By John P. Desmond, AI Trends Editor
Anomaly detection is work to identify rare events or observations that differ in a big way from the majority of surrounding data, thus raising questions as to why it is the case.
Anomaly detection, synonymous with outlier detection, is used in many fields including statistics, finance, manufacturing, networking and data mining. It can be useful for intrusion detection, fraud detection, system health monitoring and event detection in sensor networks. It is used in preprocessing to remove irregular data from the dataset, which can substantially increase accuracy.
Today anomaly detection is also used in cyber security for spam filters, credit card fraud detection, network security and social media content moderation.
A new approach to anomaly detection from researchers at the National University of Singapore is said to outperform baseline approaches in speeds and accuracy, according to a recent account in KDnuggets. Called MIDAS, for Microcluster-Based Detector of Anomalies in Edge Streams, the system was developed by PhD candidate Siddharth Bhatia and his team.

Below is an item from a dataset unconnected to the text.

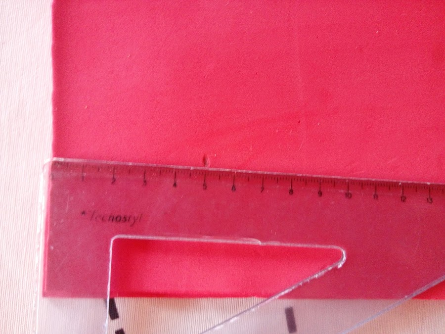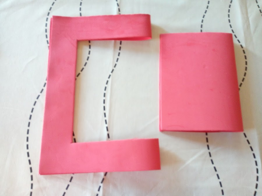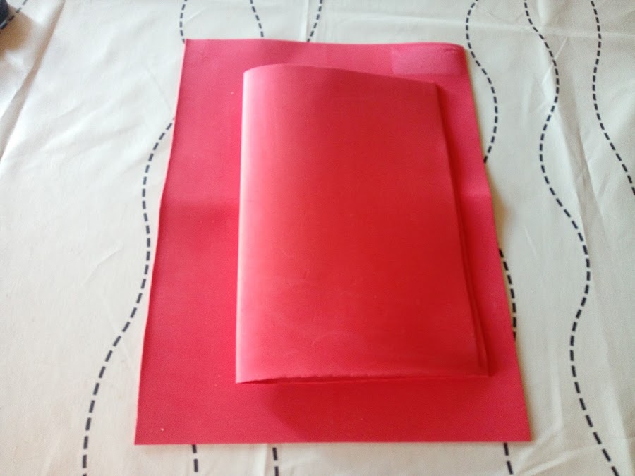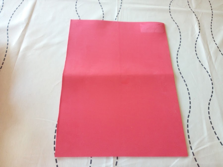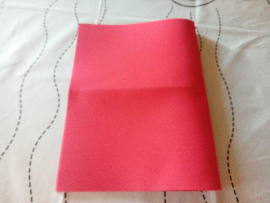 Doblas la lamina grande de goma eva por la mitad y la cortas en dos mitades.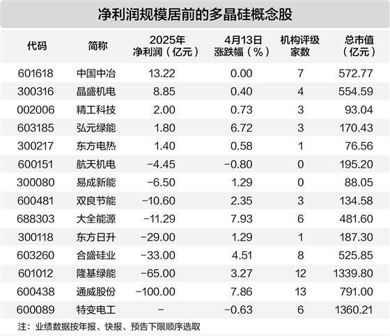 据证券时报·数据宝统计,A股中布局多晶硅产业链的个股共有14只,其中13只已披露2025年业绩相关数据,净利润按年报、快报、预告下限统计,有5股2025年度有望实现盈利,中国中冶、晶盛机电、精工科技的净利润金额居前,均超过2亿元。

MIDAS is able to detect irregular data in microclusters, which are fine particles with properties that can be measured. The irregularities or anomalies in the data can be detected in realtime at speeds said to be many times greater than existing, state-of-the-art models.
“Anomaly detection in graphs is a critical problem for finding suspicious behavior in countless systems,” stated Bhatia. “Some of these systems include intrusion detection, fake ratings, and financial fraud.”
Social networks such as Twitter and Facebook could use the technology to help detect fake profiles used for phishing and spam. “Using MIDAS, we can find anomalous edges and nodes in a dynamic (time-evolving) graph,” stated Bhatia. “In Twitter and Facebook, tweet and message networks can be considered a time-evolving graph. We can find the malicious messages and fake profiles by finding the anomalous edges and nodes in these graphs.”
To research the potential of MIDAS in social network security and intrusion detection tasks, Siddharth and his team used the following datasets for anomaly detection: Darpa Intrusion Detection (4.5 million IP-IP communications); Twitter Security Dataset (2.6 million tweets related to security events in 2014); and the Twitter World Cup Dataset (1.7 million tweets during World Cup Soccer in 2014).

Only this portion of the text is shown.